As the last piece of laundry was placed over the line a statement from one of the men made me turn my head.
“If God cares about me then why can’t I find work to provide for my family?”
Ouch. God? In Haiti the unemployment rate is over forty percent and two-thirds of the “employed” people do not have formal jobs. It’s a big deal. It’s hard, much harder that we Americans can even understand.
I watched my husband’s face. How would he respond? What response was there?
“Do you think God cares about me because I have work and money?” He asked the question gently and the men chorused affirmation. In their eyes it was simple: God loved us because he made us Americans. We got opportunity. We got ability. We got white skin. End of story.
“So, if God cares about me,” he continued, “then why can’t my wife have babies?” The questioned stunned them all into silence. In their culture, having children sits on the same level as having money.
The men, now lacking words of argument, listened as he went on. “I’m not saying that God doesn’t care about me. He does. But I don’t get all the things that I want, even if I’m American. God’s favor is not based on worldly things. Not money. Not babies. Not nationality. Nothing here…”
Their conversation drifted out of earshot. I went inside to prepare rice and beans for lunch. My husband came through a few minutes later to get his Bible.
He came over to me. “Tash, do you mind if I give this away?” The second year of our marriage I had scrimped and saved to buy to him a leather bound Bible for his birthday, which he held in his hands. “One of the guys can read English but he doesn’t have a Bible.”
“Of course you have to give it to him,” I said. Our eyes met for just a moment and I hoped, prayed, that the pride I felt for him showed. Because it is so, amazingly wonderful to know that God is using your husband. Speaking through him. Touching lives through him.

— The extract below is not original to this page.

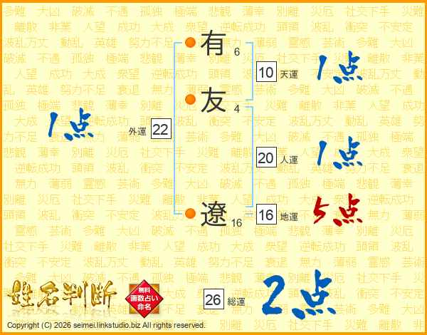 有友遼さんの総運は26画の2点!

And nothing is more wonderful than knowing that God is working to redeem your pain.
It’s the story that He’s been teaching me. This story of redemption. It’s the story of Jesus and it’s His story for me.
“I’m in the business of redeeming…” <– He said these words to me, almost ten years ago now. And God doesn’t change.
God may someday give us a miracle. Maybe more than one! But there is sorrow, even in miracles. Nothing, no matter what it is, will take away the sorrow of my years without babies.
But even one more soul in heaven is worth a lifetime without children.
And that is something I believe with all my heart.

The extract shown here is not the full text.